Recorded data
-.-.-
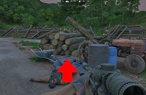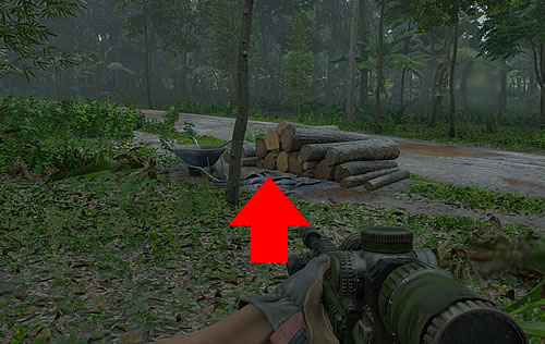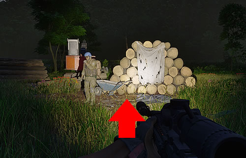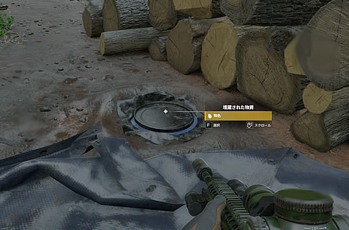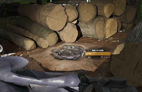 場所:LZリマ2の西、「伐採場」にある積まれた丸太とシートの間
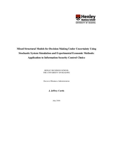 Curtis, J. J. (2016) Mixed structural models for decision making under uncertainty using stochastic system simulation and experimental economic methods: application to information security control choice. DBA thesis, Henley Business School, University of Reading.
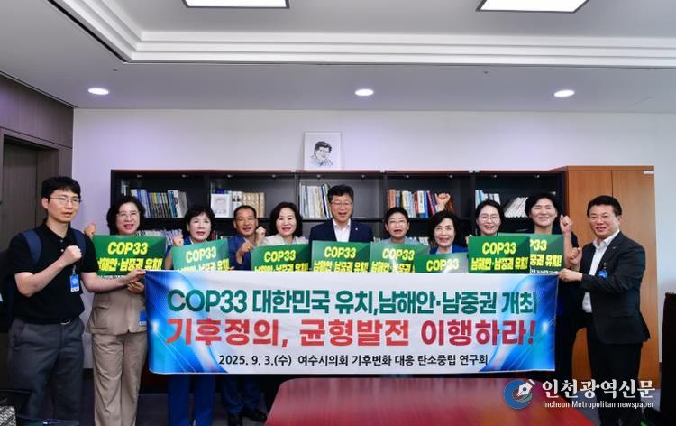 [인천광역신문] 관리자 기자 | 여수시의회는 지난 3일 국회를 방문해, ‘제33차 UN기후변화협약 당사국총회(COP33) 유치 약속 이행 촉구 건의안’을 환경노동위원회 안호영 위원장에게 직접 전달했다.
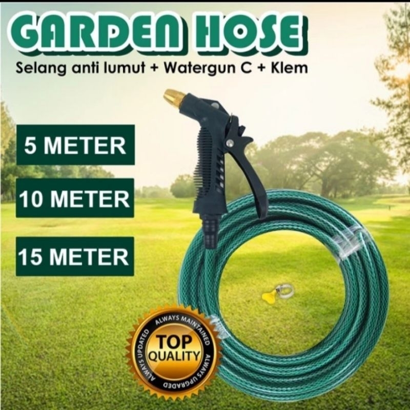 Semprotan Air Taman Kebun, Cuci Motor Mobil Dll Panjang Selang Air 5 Meter & Semprotan + Klem 2 Pcs
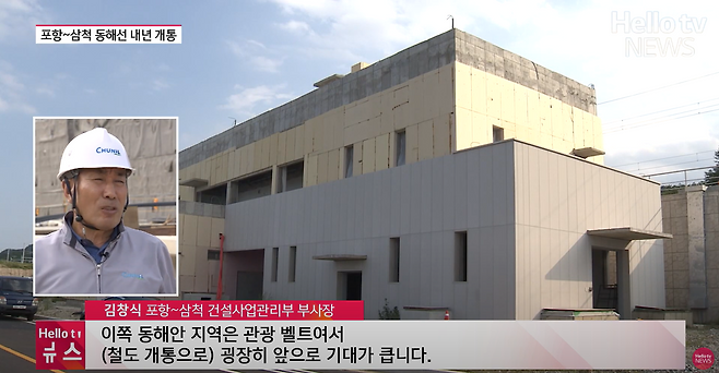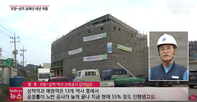 장호 포항~삼척 역사 신축공사 감리단장: 삼척역과 매원역은 13개 역사 중에서 공정률이 노반 공사가 늦게 끝나 지금 현재 55% 정도 진행됐고요. 그다음에 임원역과 원덕역은 지금 95% 이상 다 완료하고 포장까지 다 끝났습니다.
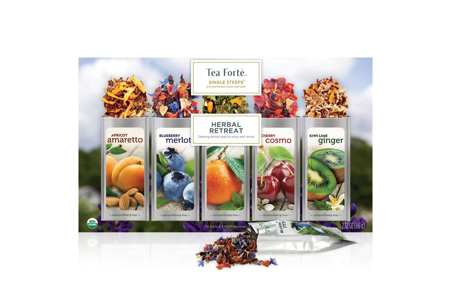 This organic tea sample box with five varieties of our fruity and intense teas such as Blueberry Merlot, Cherry Cosmot, Apricot Amaretto, Kiwi Lime Ginger and Mojito Marmalade. These teas are available in whole leaves. This Bulk Tea Box has 15 individual assorted bags, perfectly dosed for an infused quantity of 350 ml. Certified organic USDA Organic.
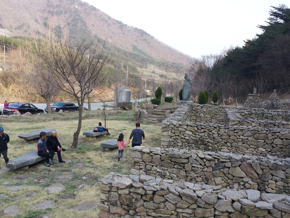 보현산 남쪽 산자락에 고즈넉이 자리 잡고 있는 거동사는 신라의 의상대사가 창건하였다고 전하며 조선시대까지도 큰 사찰이었다고 하는데 거동사의 대웅전이 유형문화재 제 137호로 지정될 만큼 그 문화적 가치가 큰 천년사찰이며 전통사찰이라고 한다. 거동사 아래 등산로에 ‘돌공원’이 조성되어 지나가는 사람들의 발길을 붙잡는다. 조약돌로 미로를 만들어놓고 돌탑 쌓기 체험장과 바둑판식 고인돌 그리고 달마대사를 빼닮은 커다란 바위가 등산객들의 눈길을 사로잡아 잠시 쉬어갈 수 있는 휴식처가 되어준다.
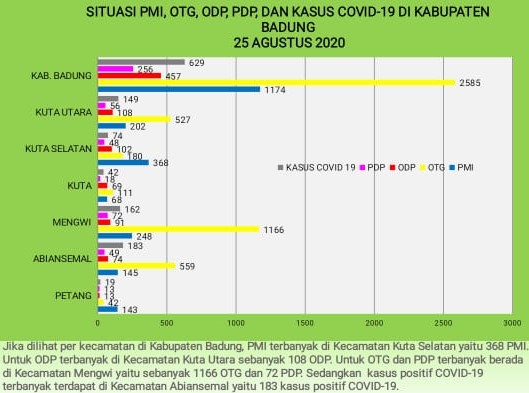 Penambahan 7 kasus positif yaitu 2 PDP (dari Pangsan dan Kapal), 2 ODP (dari Kerobokan Kaja dan Kapal) dan 3 OTG (dari Kerobokan Kelod dan 2 Dalung). Dari jumlah kasus positif tersebut, 81 masih dalam perawatan dan 536 sembuh (tambahan 4 sembuh yaitu dari Sembung, Selat, Pecatu dan Canggu).
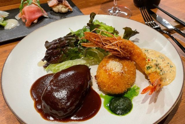 親しみのある「洋食」というジャンルを、全国各地から集めた厳選された食材をひと手間もふた手間も加えた専門的な調理法で、家庭では味わえない一品に仕上げた大人の洋食店です。 お料理に合う厳選された各国のワインとのマリアージュをお楽しみください。
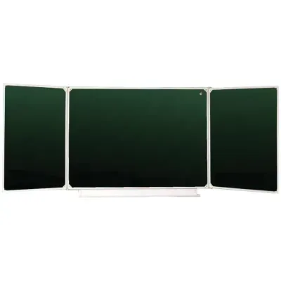Трехсекционная магнитно-меловая доска с пятью рабочими поверхностями предназначена для применения в учебных заведениях. Зелёное лаковое покрытие предназначено для письма мелом. Металлическая поверхность позволяет размещать материал с информацией при помощи магнитов. Состоит из центральной секции шириной 150 см и двух боковых секций шириной 75 см каждая. Высота — 100 см
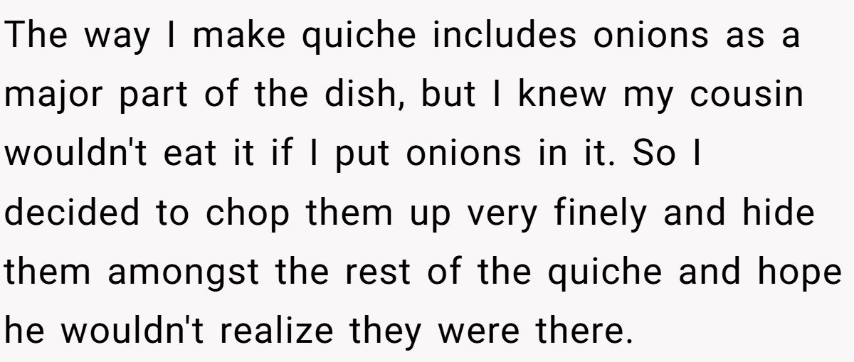 One teen shared on Reddit how sneaking onions into her picky cousin’s quiche led to a family feud and accusations of poisoning
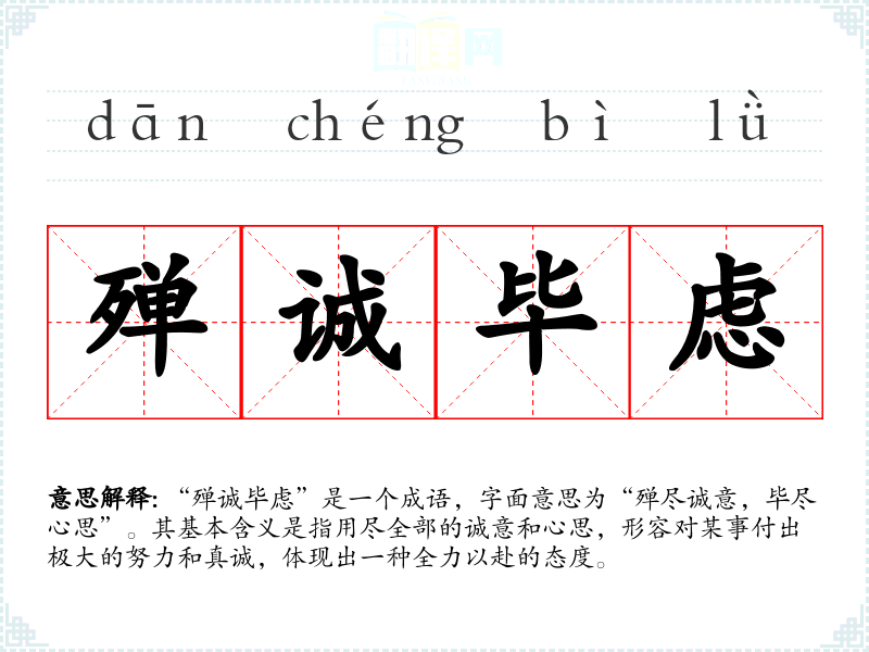 “殚诚毕虑”是一个成语,字面意思为“殚尽诚意,毕尽心思”。其基本含义是指用尽全部的诚意和心思,形容对某事付出极大的努力和真诚,体现出一种全力以赴的态度。
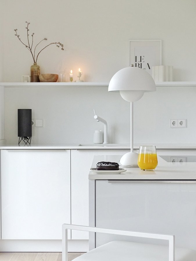 Weiße Küche, Tischlampe, Kücheninsel
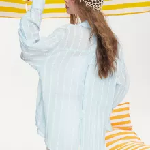 What sets this shirt apart is its fresh take on classic stripes. The bold color blocking adds a fashion-forward edge while still staying suitable for everyday wear. Slight stretch in the fabric gives you just enough flexibility to move freely, and the breathable blend ensures you stay comfortable even during warmer days. It’s a perfect choice for summer – light, stylish, and so easy to pair with everything from tailored trousers to denim jeans.
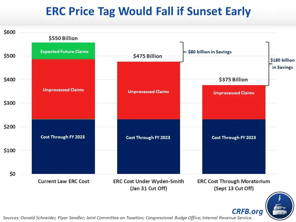The recently proposed bipartisan Tax Relief for American Families and Workers Act of 2024 (Wyden-Smith) would reduce the cost of the ERC by $79 billion. This would come mostly from cutting off new applications for the credit on January 31, 2024, rather than the current end date of April 15, 2025. Additional savings would come from reducing fraudulent claims, including an increase in financial penalties on promoters for aiding and abetting in tax fraud and an increase in disclosure requirements.
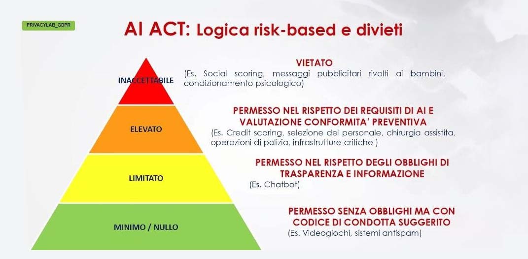 Immaginiamo una piramide, alla cui base troviamo le attività a rischio minimo o nullo. Salendo troviamo, invece, le attività a rischio limitato, più su le attività a rischio elevato e al vertice le attività che prevedono un rischio inaccettabile.
-.-.-
● **PROBLEM DETAILS**
Restate the entries verbatim and exclude any pictures.

● **PROBLEM SOLUTION**
 場所:LZリマ2の西、「伐採場」にある積まれた丸太とシートの間
 Curtis, J. J. (2016) Mixed structural models for decision making under uncertainty using stochastic system simulation and experimental economic methods: application to information security control choice. DBA thesis, Henley Business School, University of Reading.
 [인천광역신문] 관리자 기자 | 여수시의회는 지난 3일 국회를 방문해, ‘제33차 UN기후변화협약 당사국총회(COP33) 유치 약속 이행 촉구 건의안’을 환경노동위원회 안호영 위원장에게 직접 전달했다.
 Semprotan Air Taman Kebun, Cuci Motor Mobil Dll Panjang Selang Air 5 Meter & Semprotan + Klem 2 Pcs
 장호 포항~삼척 역사 신축공사 감리단장: 삼척역과 매원역은 13개 역사 중에서 공정률이 노반 공사가 늦게 끝나 지금 현재 55% 정도 진행됐고요. 그다음에 임원역과 원덕역은 지금 95% 이상 다 완료하고 포장까지 다 끝났습니다.
 This organic tea sample box with five varieties of our fruity and intense teas such as Blueberry Merlot, Cherry Cosmot, Apricot Amaretto, Kiwi Lime Ginger and Mojito Marmalade. These teas are available in whole leaves. This Bulk Tea Box has 15 individual assorted bags, perfectly dosed for an infused quantity of 350 ml. Certified organic USDA Organic.
 보현산 남쪽 산자락에 고즈넉이 자리 잡고 있는 거동사는 신라의 의상대사가 창건하였다고 전하며 조선시대까지도 큰 사찰이었다고 하는데 거동사의 대웅전이 유형문화재 제 137호로 지정될 만큼 그 문화적 가치가 큰 천년사찰이며 전통사찰이라고 한다. 거동사 아래 등산로에 ‘돌공원’이 조성되어 지나가는 사람들의 발길을 붙잡는다. 조약돌로 미로를 만들어놓고 돌탑 쌓기 체험장과 바둑판식 고인돌 그리고 달마대사를 빼닮은 커다란 바위가 등산객들의 눈길을 사로잡아 잠시 쉬어갈 수 있는 휴식처가 되어준다.
 Penambahan 7 kasus positif yaitu 2 PDP (dari Pangsan dan Kapal), 2 ODP (dari Kerobokan Kaja dan Kapal) dan 3 OTG (dari Kerobokan Kelod dan 2 Dalung). Dari jumlah kasus positif tersebut, 81 masih dalam perawatan dan 536 sembuh (tambahan 4 sembuh yaitu dari Sembung, Selat, Pecatu dan Canggu).
 親しみのある「洋食」というジャンルを、全国各地から集めた厳選された食材をひと手間もふた手間も加えた専門的な調理法で、家庭では味わえない一品に仕上げた大人の洋食店です。 お料理に合う厳選された各国のワインとのマリアージュをお楽しみください。
Трехсекционная магнитно-меловая доска с пятью рабочими поверхностями предназначена для применения в учебных заведениях. Зелёное лаковое покрытие предназначено для письма мелом. Металлическая поверхность позволяет размещать материал с информацией при помощи магнитов. Состоит из центральной секции шириной 150 см и двух боковых секций шириной 75 см каждая. Высота — 100 см
 One teen shared on Reddit how sneaking onions into her picky cousin’s quiche led to a family feud and accusations of poisoning
 “殚诚毕虑”是一个成语,字面意思为“殚尽诚意,毕尽心思”。其基本含义是指用尽全部的诚意和心思,形容对某事付出极大的努力和真诚,体现出一种全力以赴的态度。
 Weiße Küche, Tischlampe, Kücheninsel
 What sets this shirt apart is its fresh take on classic stripes. The bold color blocking adds a fashion-forward edge while still staying suitable for everyday wear. Slight stretch in the fabric gives you just enough flexibility to move freely, and the breathable blend ensures you stay comfortable even during warmer days. It’s a perfect choice for summer – light, stylish, and so easy to pair with everything from tailored trousers to denim jeans.
The recently proposed bipartisan Tax Relief for American Families and Workers Act of 2024 (Wyden-Smith) would reduce the cost of the ERC by $79 billion. This would come mostly from cutting off new applications for the credit on January 31, 2024, rather than the current end date of April 15, 2025. Additional savings would come from reducing fraudulent claims, including an increase in financial penalties on promoters for aiding and abetting in tax fraud and an increase in disclosure requirements.
 Immaginiamo una piramide, alla cui base troviamo le attività a rischio minimo o nullo. Salendo troviamo, invece, le attività a rischio limitato, più su le attività a rischio elevato e al vertice le attività che prevedono un rischio inaccettabile.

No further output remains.